Questa è la bugia più grossa tra tutte quelle che abbiamo visto: la natura degli impianti nucleari è del tutto antitetica a quella delle Fer, perché modularne la potenza in funzione dell’intermittenza di queste ultime (oltre a presentare problemi di tipo tecnico legati ai tempi di reazione) significa far oscillare enormemente il costo del kWh che producono.

In altre parole, investire sul nucleare impediscse di investire contemporaneamente sulle energie rinnovabili.

La prova vivente è la Francia, che ha una penetrazione di produzione di energia da fonti rinnovabili tra le più basse al mondo.

Mentre è vero che il costo del combustibile nucleare è piccola cosa rispetto al costo capitale dell’impianto stesso, il combustibile è ovviamente ancora necessario. Indovinate un po’ dove si produce l’Uranio (fonte: World Nuclear Association)?

E c’è di più: indovinate quale paese orientale detiene i diritti di sfruttamento delle miniere in Namibia e Niger?

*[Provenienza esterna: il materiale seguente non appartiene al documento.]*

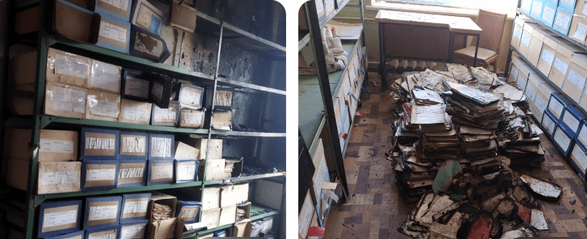 "Рівень збитків та втрат документів в процесі оцінки продемонстровано на фото. Люди не постраждали. Попередньо зруйновано близько 10% архівної колекції – близько 1 тис. архівних справ", – написав Хромов.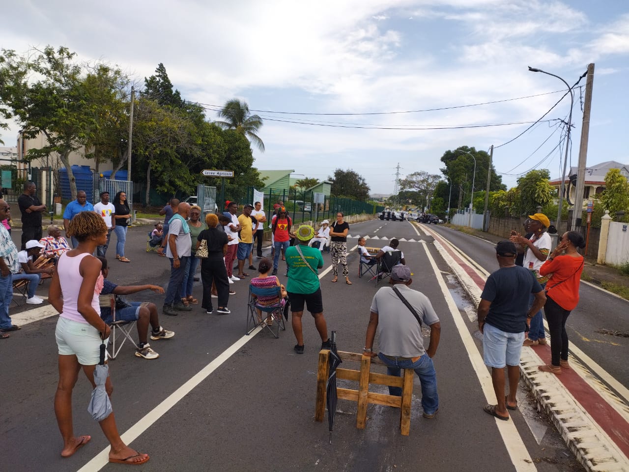 En grève depuis le 25 septembre, les manifestants du lycée agricole à Baie-Mahault s'installent dans la rue ce 18 octobre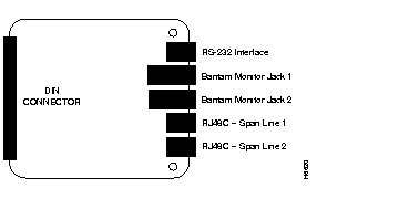 2 Bantam Monitor jacks for E1 NIC (not supported at this time) EIA/TIA-232D modular 8 RJ-48C connector for configuration and software download with a PC, terminal, or modem DIN connector to chassis midplane Menu-driven operator interface via the EIA/TIA-232 port |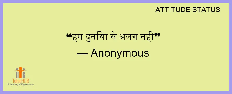 हम दुनिया से अलग नही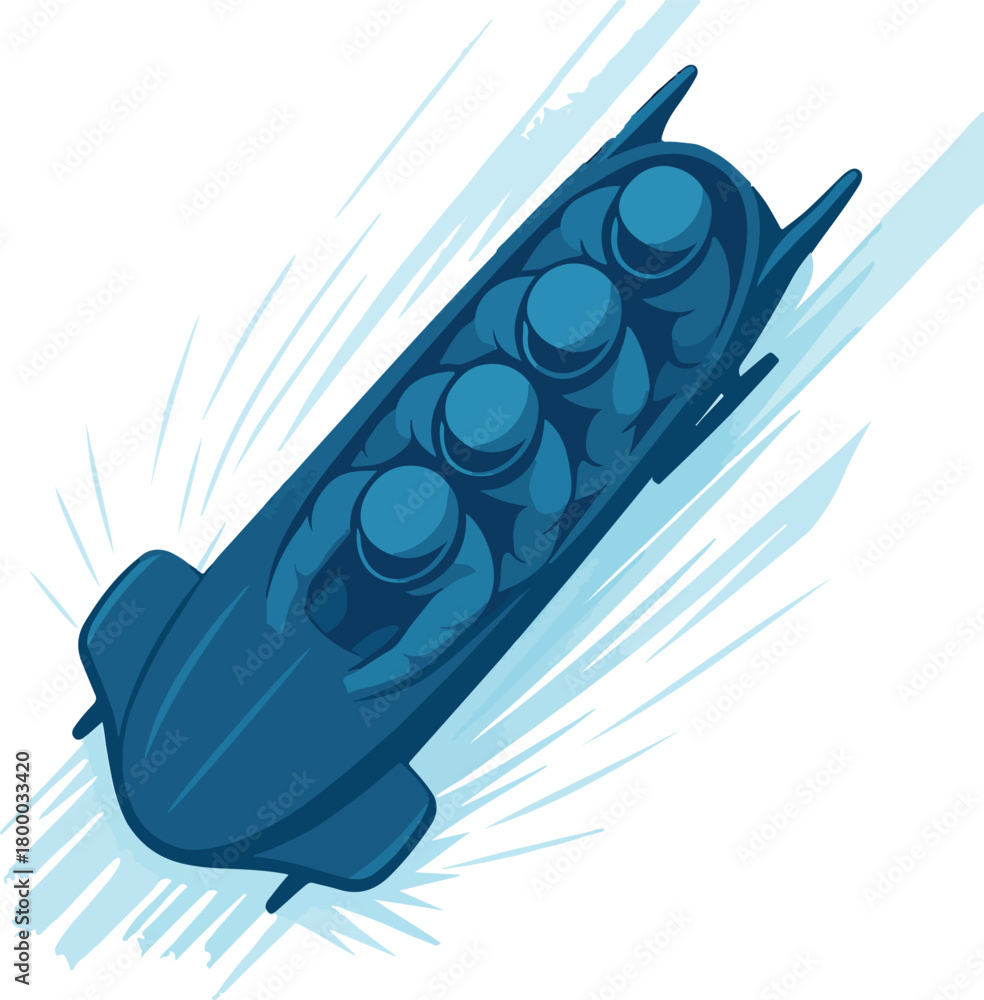 Fototapeta Four person bobsled team in dark blue racing down an icy track

Per chiudere con un paragone sciocco: qualcuno sorriderà nel sapere che c’è 634 volte meno Uranio235 che Litio sul nostro Pianeta.

Tutti sembrano preoccupatissimi che si esaurisca il Litio (che ci basterà per soli 83 miliardi di vetture), mentre nessuno si preoccupa del fatto che potremmo esaurire l’Uranio in meno di centomila anni!

Gianni Catalfamo è ingegnere nucleare e dal 2012 si occupa di trasformazione digitale; nel 2017 ha co-fondato One Wedge, una startup che costruisce reti di caricatori per veicoli a energia elettrica.